PROBLEM DETAILS: The lines to return are those from the line holding "مضبوبات أمن الفروانية من الخمور" through the last line of the entries below, both included, written exactly and without pictures.

MATERIAL FOR THE TASK:

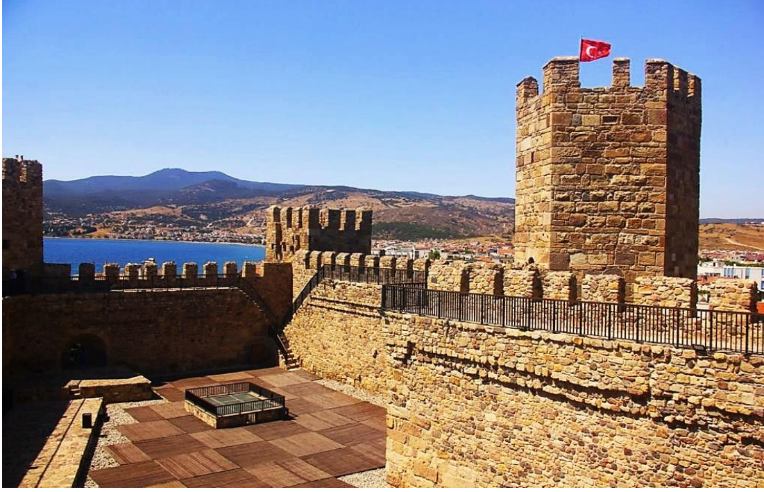
Resim 1: Çandarlı Kalesi 2

Çandarlı'nın Türkler tarafından fethi hemen olmamıştır. Zaman zaman Türklerin hâkimiyetine geçtiği, daha sonra yine kaybedildiği görülmektedir. Kesin olarak hâkimiyet altına alınması 1302 yılından sonradır. Nitekim bu yıllarda Bergama ve çevresinden Bizanslıların çekilmeye başlamasıyla birlikte Türkler bölgeye yerleşmeye başlamıştır. Özellikle Anadolu Selçuklu Devleti'nin son döneminde ortaya çıkan beylikler (Saruhanogulları, Karesiogulları), bölgenin Türk beldesi haline gelmesi sürecinin başlangıcını teşkil etmiştir (Çandarlı 2004: 8-9). Zira Çandarlı, Karesi Beyliği döneminde önemli bir limandır. Karesi Bey, Balıkesir kasabasını kendisine merkez yaparak Çanakale sahilleri ile Çandarlı limanında bir donanma vücuda getirmiştir ( Yarım Ay Dergisi , 1 Mayıs 1940: 17).
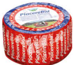
BAYERNLAND EDELPI LZ ALPEN-BLU AL KG 6,49
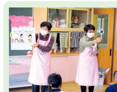
食事のマナーを学びました(年中組)
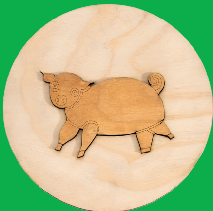
Il maiale - the pig (Ø240 mm x 11 mm)
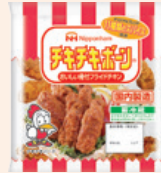
『チキチキボン』 CHIKICHIKI Bone series
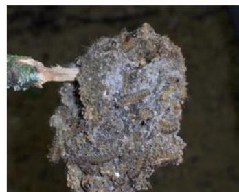
Nid de chenilles processionnaires du chêne

→ Lien vers le document d'information relatif à la processionnaire du chêne SANTÉ DES FORÊTS
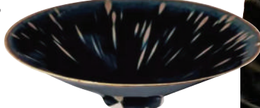
■ 北宋定窯黑釉鷓鴣斑碗

香港藝術品商會成立於1968年，至今已成為擁有數百名會員非牟利社團組織。一直以服務社會、促進工藝品行業發展、弘揚中華文化為宗旨，為會員及社會各界服務。會員包括經營或與古玩工藝品行業相關之商家、工廠、社團、拍賣公司及文物愛好者，其中不乏業界精英翹楚及名家名店。商會簽發的AB證（古玩鑒定證書），使同業的貨品出口到歐美、日本等地都享有免稅優惠。同業也一直通過商會，得以與內地的對口部門聯絡，方便購買貨品。
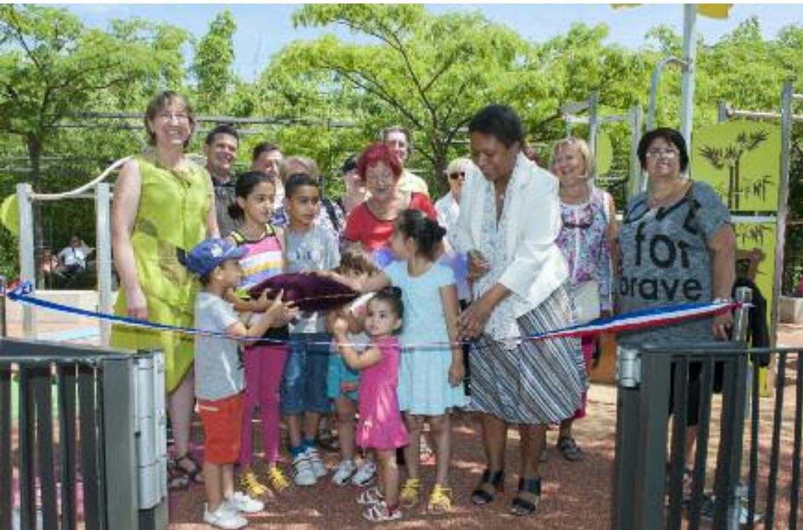
Les jeux du jardin du centre ville inaugurés Les nouveaux jeux d'enfants du jardin de la Paix et des Libertés ont été inaugurés samedi 13 juin, en présence de familles, d'élus et de membres du Conseil de quartier du centre ville. Le projet est né d'un travail collectif réalisé avec les services techniques municipaux. Cette action participe à l'amélioration du cadre de vie.
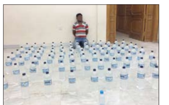
مضبوبات أمن الفروانية من الخمور
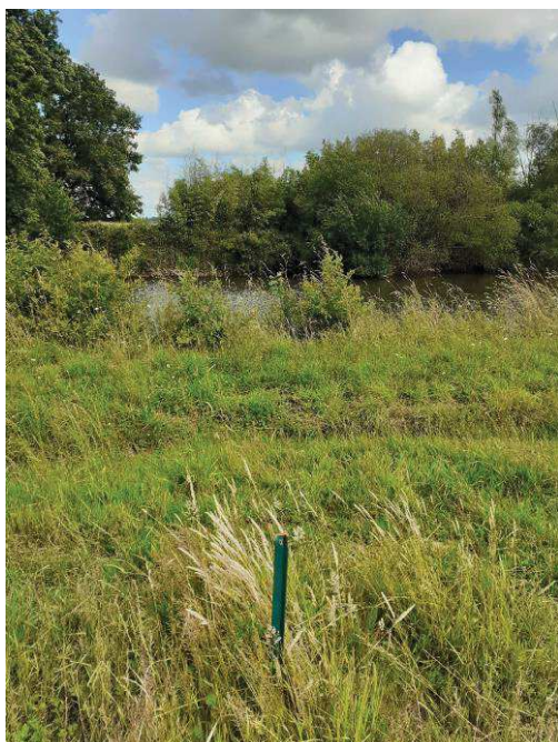
Vue direction est
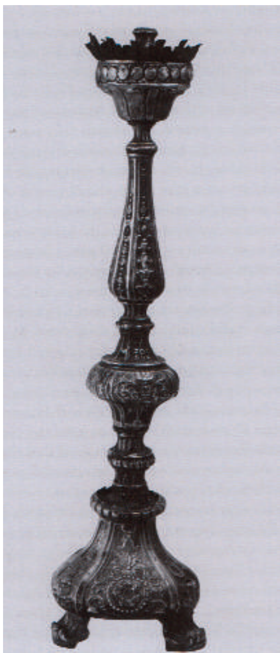
Fig. 3. Bonaventura Caruso (qui attr.), Coppia di candelieri , fine XVIII secolo, argento sbalzato e cesellato, Geraci Siculo (PA), Chiesa Madre di Santa Maria Maggiore
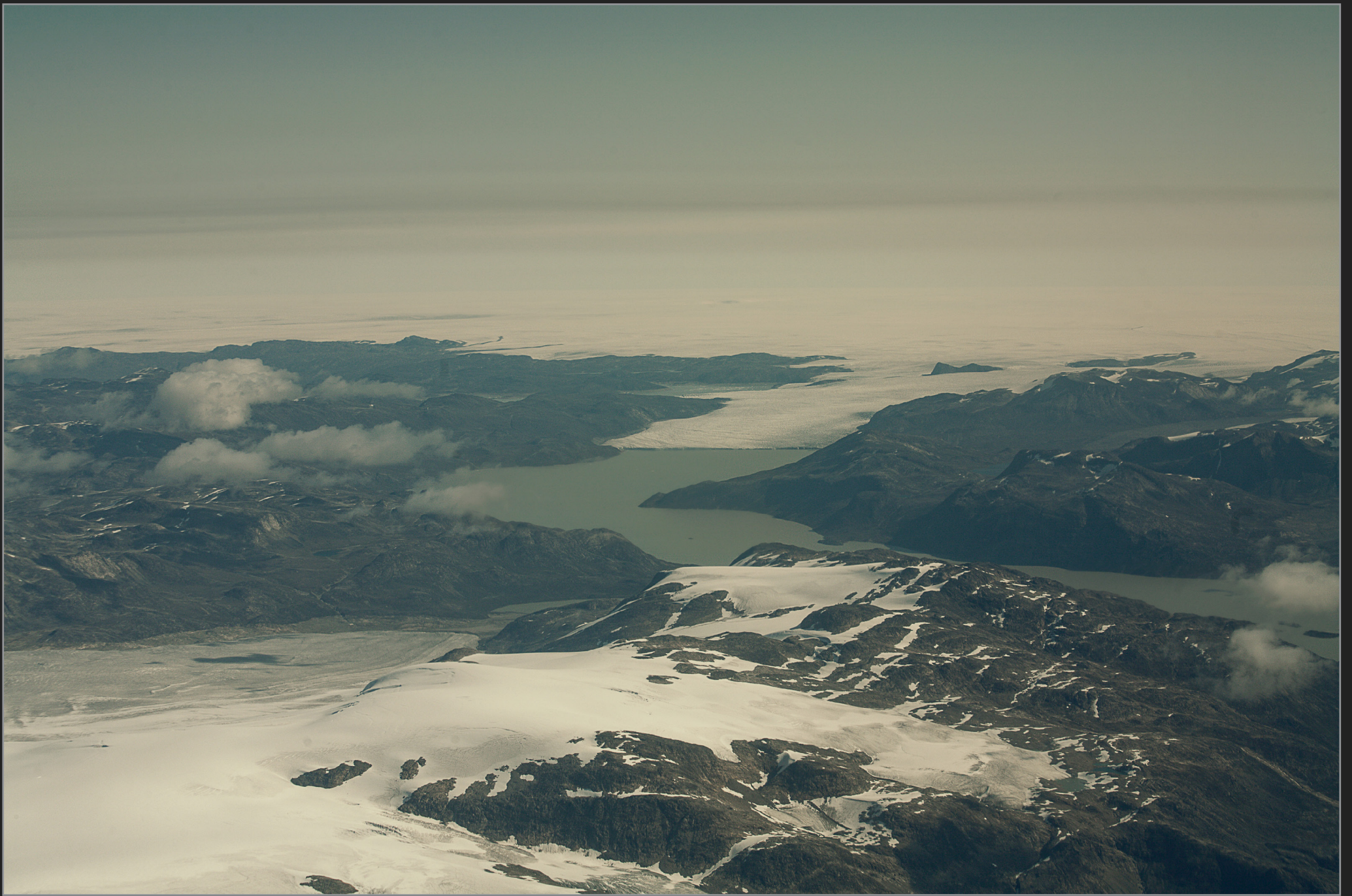
Vestgrønland, august 2009

TASK SOLUTION:
مضبوبات أمن الفروانية من الخمور
Vue direction est
Fig. 3. Bonaventura Caruso (qui attr.), Coppia di candelieri , fine XVIII secolo, argento sbalzato e cesellato, Geraci Siculo (PA), Chiesa Madre di Santa Maria Maggiore
Vestgrønland, august 2009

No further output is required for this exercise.